Paranova operates across three primary verticals: commercial printing (catalogs, magazines, inserts), direct mail production, and flexible packaging for food and consumer goods. The business runs multiple manufacturing facilities in the U.S., employing approximately 1,200 people. It serves retail, consumer packaged goods, and financial services clients — sectors where print hasn't disappeared so much as evolved into smaller, more targeted applications.

Commercial print volumes have been declining for over a decade, but pockets of resilience remain. Certain direct mail categories — particularly in financial services and fundraising — continue to perform, and flexible packaging for food products has shown modest growth as brands seek sustainable alternatives to rigid containers. Paranova's portfolio straddles both the declining and stable segments, which makes the investment thesis more nuanced than a pure turnaround play.

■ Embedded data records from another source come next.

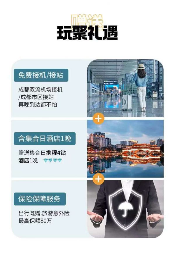 返回成都統(tǒng)一散團(由車上游客協(xié)商一致送至統(tǒng)一散團點,若協(xié)商不成則由司機送至三環(huán)內(nèi)就近地鐵站散團),結束本次愉快的旅行。由于川西地區(qū)路況復雜,有可能因為堵車而發(fā)生延誤,請大家盡量預定第二天返程的航班或車次。
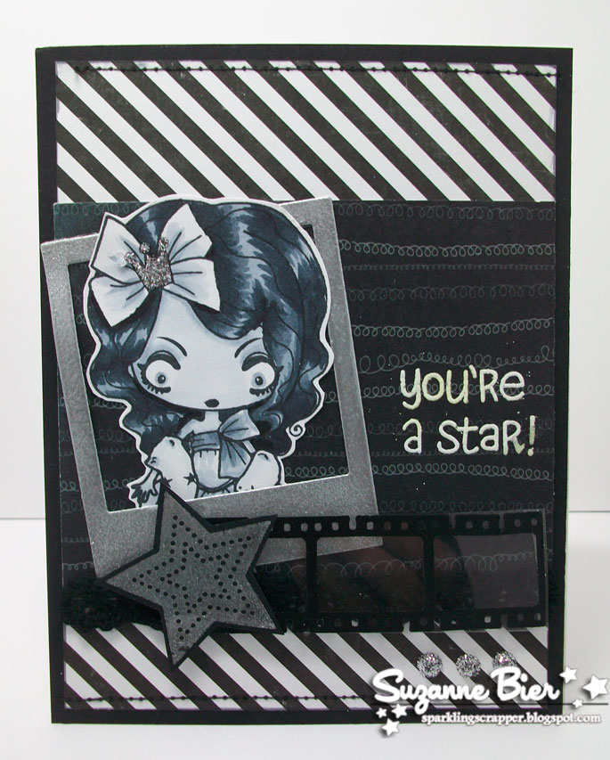 I was inspired by a retro Hollywood theme when I was creating my previews for this release, so for my first card, I’m pairing “Tuesday Premiere” with the Polaroid die and film strip. I also colored her in cool shades of grey to match the black & white papers:
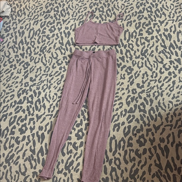 Stylish pink ribbed two-piece set. Includes a crop top and matching pants. Perfect for casual outings.
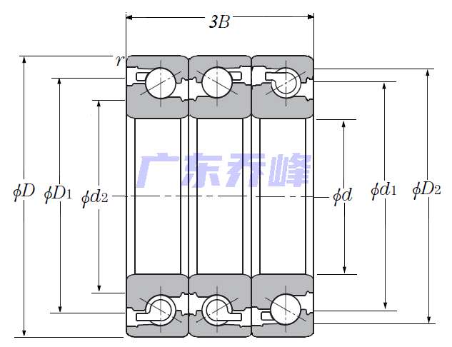 | 滾珠絲杠用三列推力角接觸球軸承 - DBT配對,開式,兩排承受軸向載荷 - 尺寸 | |
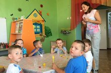 В нашем саду стартовала тематическая неделя "Весёлая лаборатория".Дети в группах "Звёздочки" и "Радуга" повторили свойства воды.Опытным путём пришли к пониманию того,что вода может изменять цвет .Через игру "Прятки с водой" решили проблемную ситуацию :"Как спрятать игрушку в воде".Было очень интересно!
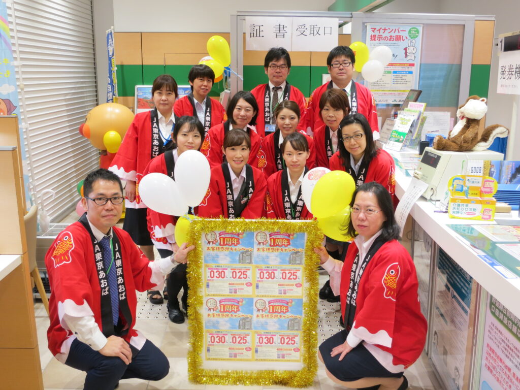 4月11日(月)と12日(火)の2日間、東大泉支店はリニューアルオープンから1周年を迎え、日頃の感謝の気持ちを込めてお客様感謝キャンペーンを行いました。キャンペーン定期貯金の取り扱いとあわせてお米のプレゼント企画も実施し、多くの来店客で賑わいました。

The company inherited Quad's client relationships in these verticals, which include multi-year contracts with recognizable retail and CPG brands. These aren't the kind of customers that disappear overnight, but they are the kind that renegotiate pricing aggressively and expect annual productivity gains. Margins in commercial print have compressed steadily over the past five years, and Paranova enters independence facing the same pricing pressure that led Quad to exit the business in the first place.

Still, the asset base has value. Paranova owns modern press equipment, including offset and digital printing capabilities, plus flexographic presses for packaging applications. These are expensive, long-lived assets that competitors would need years and significant capital to replicate. In a consolidating industry, owning well-maintained capacity gives Paranova a seat at the table when smaller players look to exit or when customers need overflow capacity.

Why Kingswood Sees This Differently Than Quad Did

Quad's problem wasn't that print and packaging was worthless — it's that the division didn't fit the growth narrative Wall Street wanted to hear. Public market investors have punished traditional print companies for years, valuing them as melting ice cubes regardless of actual cash generation. Quad's stock has traded in the single digits for most of the past three years, and analysts consistently pressed management to accelerate the shift away from print.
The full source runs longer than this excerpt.